Deaf School again appeared at The Everyman Theatre Liverpool for two emotionally charged 'Goodbye to the Everyman' shows as part of the refurbishment closure events, and played the Port Eliot festival July 2011.

A history by Paul Du Noyer, Deaf School: the Non-Stop Pop Art Punk Rock Party, was published in the UK by the Liverpool University Press in October 2013, to mark the 40th anniversary of the band's formation.

In 2013, Gregg Braden joined the band as permanent drummer. Deaf School's next album, Launderette, was released in Japan on 27 May 2015 by Hyabusa Landings. The album features seven new studio tracks alongside five tracks recorded live at the Floral Pavilion in New Brighton in November 2014, along with a bonus track from 1987 featuring Eric Shark on lead vocals.

A full-length studio album of new material, entitled Let's Do This Again Next Week - Deaf School's first full-length album of completely new material in 39 years - was released in December 2017, featuring new songs written by the band in various formations. Although still a member of the band, tour commitments with Roger Waters (with whom he has collaborated for three decades) meant that Ian Ritchie was unable to contribute to the recordings; the band for the album consisted of Braden, Bright, Cadillac, Langer, Lindsey and Ripple. A short tour in support of the album, featuring the full seven-person lineup of the band (i.e, including Ritchie), followed the same month.

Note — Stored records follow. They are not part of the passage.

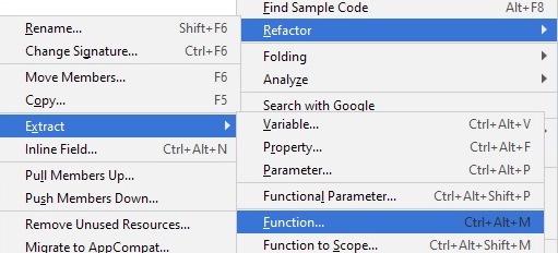 Agora vamos criar um método para colocar todo que é necessário passar para quando a Activity iniciar! Basta selecionar todas as linhas de código desejadas, clicar com botão direito Refactor -> Extract -> Function. De o nome para a função de “initTimer” e aperte OK:
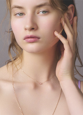 光に映える半貴石と繊細なクォーツのライン、先端にはvictoriaチェーンが揺れて神秘的な輝きを放ちます。
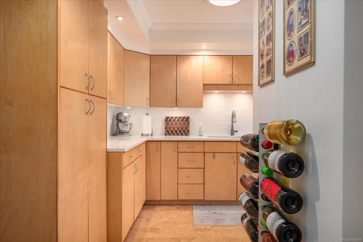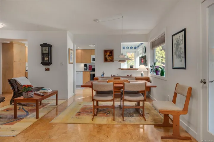 The covered tile entry leads to the dining and living room, which has warm cork flooring and a cozy gas fireplace. It has been recently updated with a new ductless heat pump, keeping temperatures perfect year round. There are two updated bathrooms, fresh outside paint, newer vinyl windows and an 11 year old roof. The manicured, fully fenced backyard has an expansive easy care composite deck, which also includes an awning. There are 2 convenient storage sheds, and the beautiful landscaping includes lovely fruit trees, with a gate to the one minute beach walk.
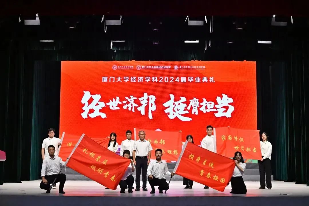 随后,典礼举行了2024届毕业生赴西部、基层、国家重要行业就业出征仪式。经济学院党委书记高忠华为毕业生代表授旗,并期望毕业生们在广阔的天地里大有作为,彰显厦大经济学子的时代担当。
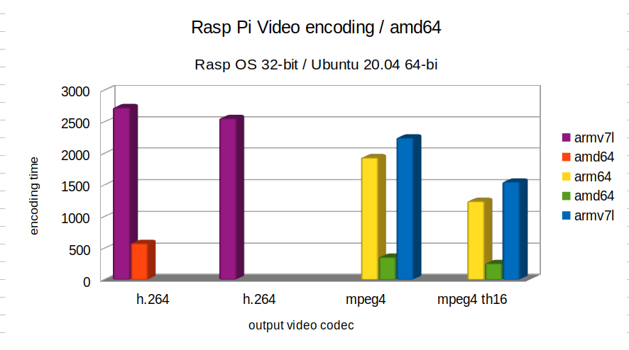 v Raspbiane 32-bit a Ubuntu 20.04 64-bit na Rasp Pi 4 / 8 GB / 2.2 GHz.
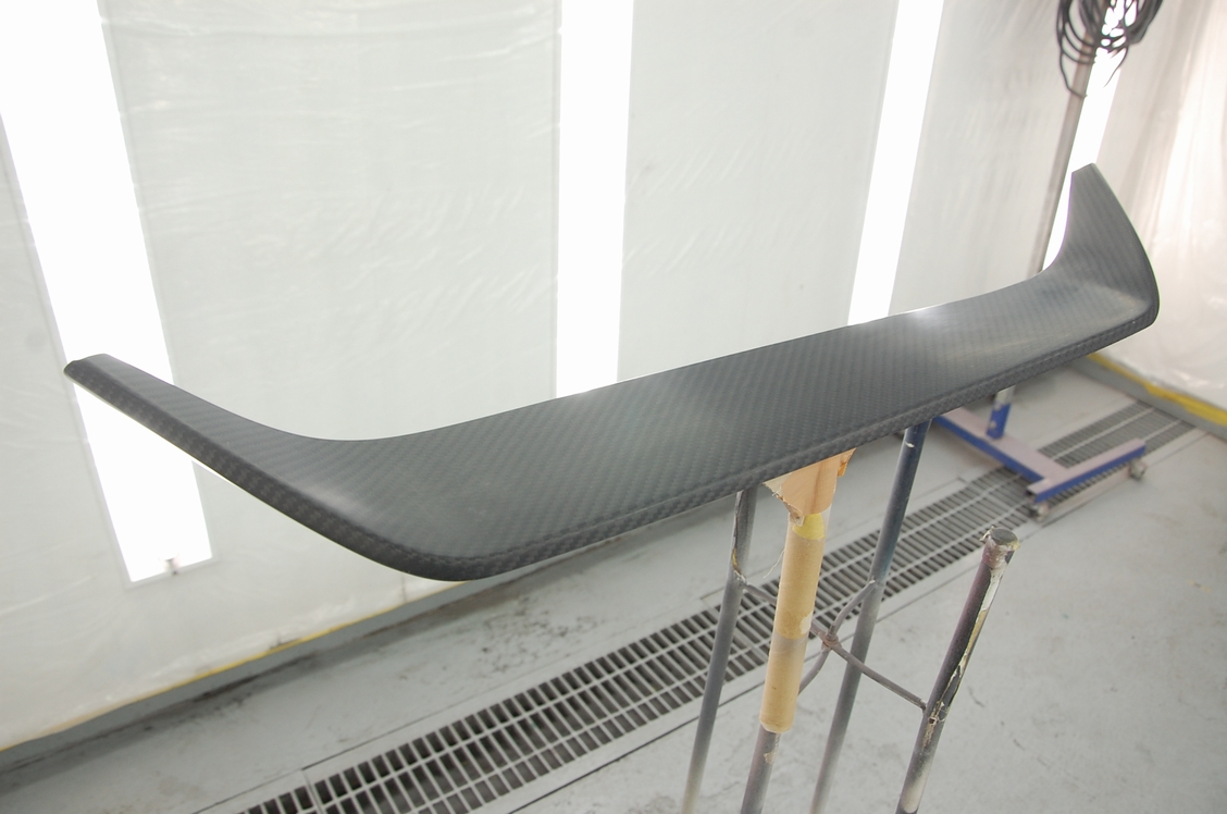 先日クリアーを下塗りしておいた日産スカイラインR35 GT-R用の社外品ウェットカーボン製フロントグリルです。仕様としては通常の本塗りと同じですが、元々あった巣穴などをサフェの代わりにクリアーを使って埋めています。
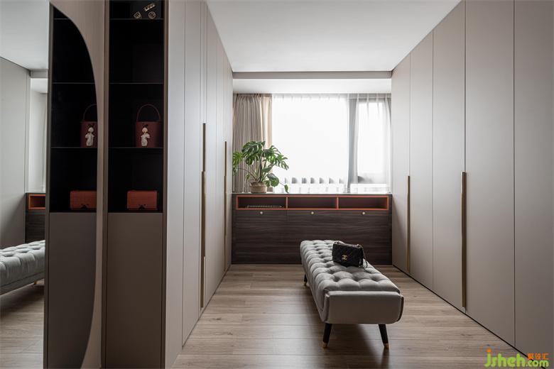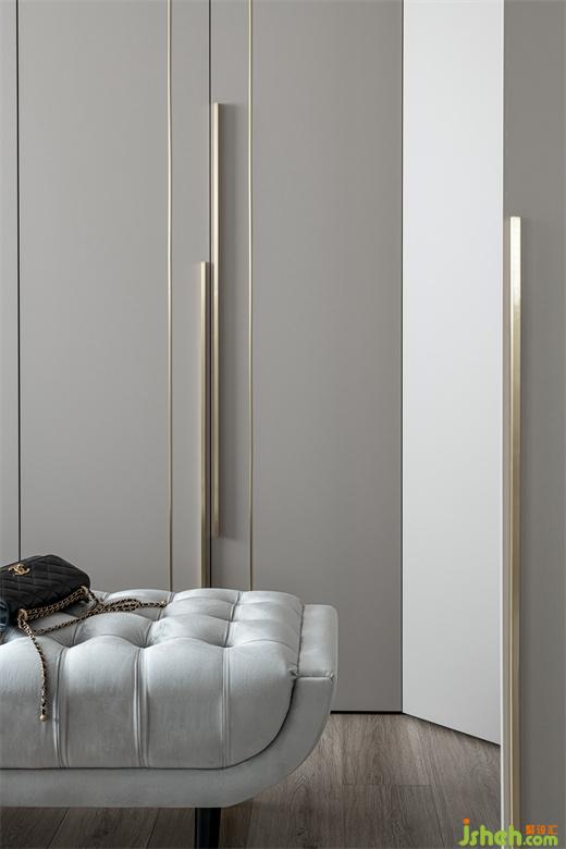衣帽間遵循著極簡(jiǎn)設(shè)計(jì)原則,家裝設(shè)計(jì)將收納利用到極致,整潔有序,金色的把手點(diǎn)綴既呼應(yīng)了空間的輕奢調(diào)性,又極具美觀性。
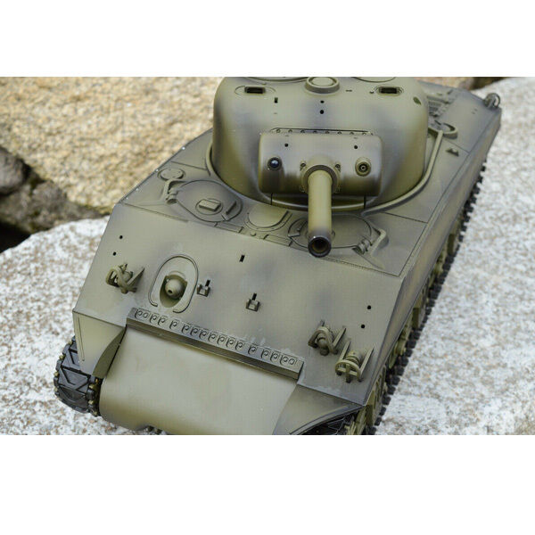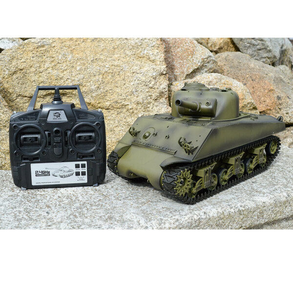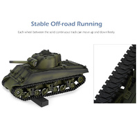 Evolved from previous medium and light tanks, the M4 Sherman was the primary tank used by the United States during World War II. As a vivid replica, this RC tank with independent torsion bar suspension can clear obstacles and travel up steep hills easily.
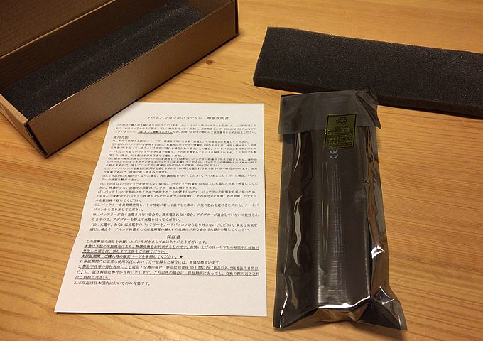 メーカーに純正バッテリーの見積り依頼を出したら高過ぎた(2万でお釣りがくる的な)ので、安価な互換バッテリーをチョイス。互換って大丈夫なん?と少々不安だったけど、とりあえずちゃんと使えたので報告。
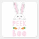 Pink and White Peeking Easter Bunny Peek-A-Boo Square Sticker
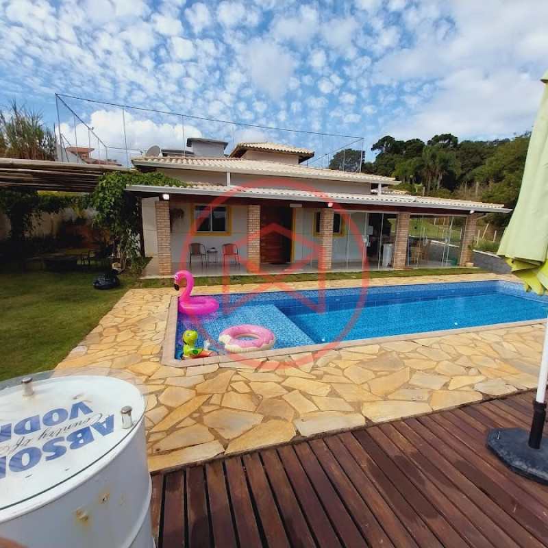 Terreno 1.000 mts², totalmente gramado, lugar privilegiado lugar alto com linda vista panorâmica de montanhas e mata nativa. Área construída com 160 mts², tudo de ótima qualidade, bom gosto . Casa com 3 dormitórios sendo 1 suíte, sala de estar , cozinha conceito aberto estilo americano, banheiro social. Espaço gourmet com churrasqueira e pia de apoio. Piscina em vinil, cascata e amplo deck de pedra mineira e madeira. Pomar com diversas árvores frutíferas. Lindo paisagismo moderno. Mini campinho de futebol ou volei. Espaço para estacionar 4 veiculos. Pergolado com espaço luau. Chácara totalmente cercado com muro e entrada padrão de chácara. Condomínio com boa infra-estrutura, fácil acesso, apenas 8 km do Centro de Ibiúna, ruas asfaltadas, iluminação publicas, telefone fixo e internet fibra, água encanada da Sabesp, linha de lazer como campo de futebol, quiosque com churrasqueira, playground, academia ao ar livre. Vale a pena analisar essa oportunidade!!!

Early Deaf School guitarist Paul Pilnick died in 2021.

In November 2022, Deaf School reformed to play London's 100 Club, followed by shows in Brighton and Liverpool, featuring all the living members of the original line up, with Gregg Braden on drums. The same line up played dates in 2023 and November 2024. Langer, Braden and Ripple also still perform as part of The Clang Group with a new LP and February 2025 dates announced.

==Band members==
- Bette Bright (birth name Anne Martin) - vocals
- Enrico Cadillac Jnr (birth name Steve Allen) - vocals
- Eric Shark (birth name Thomas John "Sam" Davis) - vocals (b.1950 – d. 7 Jan 2010)
- Ian Ritchie - woodwind instruments
- Max Ripple (birth name John Wood) - keyboards
- Cliff Hanger (birth name Clive Langer) - guitar
- Steve "Average" Lindsey - bass guitar
- Tim Whittaker - drums (b. Timothy John Whittaker, 8 October 1952, Clitheroe, Lancashire – d. 20 July 1996, Liverpool
- Gregg Braden - drums 2013 – present

==Discography==

===Studio Albums===
- 1976: 2nd Honeymoon (AUS #63)
- 1977: Don't Stop the World
- 1978: English Boys/Working Girls
- 2011: Enrico & Bette xx
- 2015: Launderette
- 2017: Let's Do This Again Next Week

====Live Albums====
- 1988: 2nd Coming: Liverpool '88
- 2026: LIVErpool '23

====Compilation Albums====
- 2003: What a Way to End It All: The Anthology
- 2021: Parigi My Dear

===Singles===
- 1976: "What a Way to End It All"/"Nearly Moonlit Night Motel" (AUS #72)
- 1977: "Taxi"/"Last Night"
- 1978: "All Queued Up"/"Golden Showers"
- 1978: "Thunder and Lightning" / "Working Girls'"
- 2011: "The Survivor Song"
- 2017: "Bed & Breakfast"/"Loving You"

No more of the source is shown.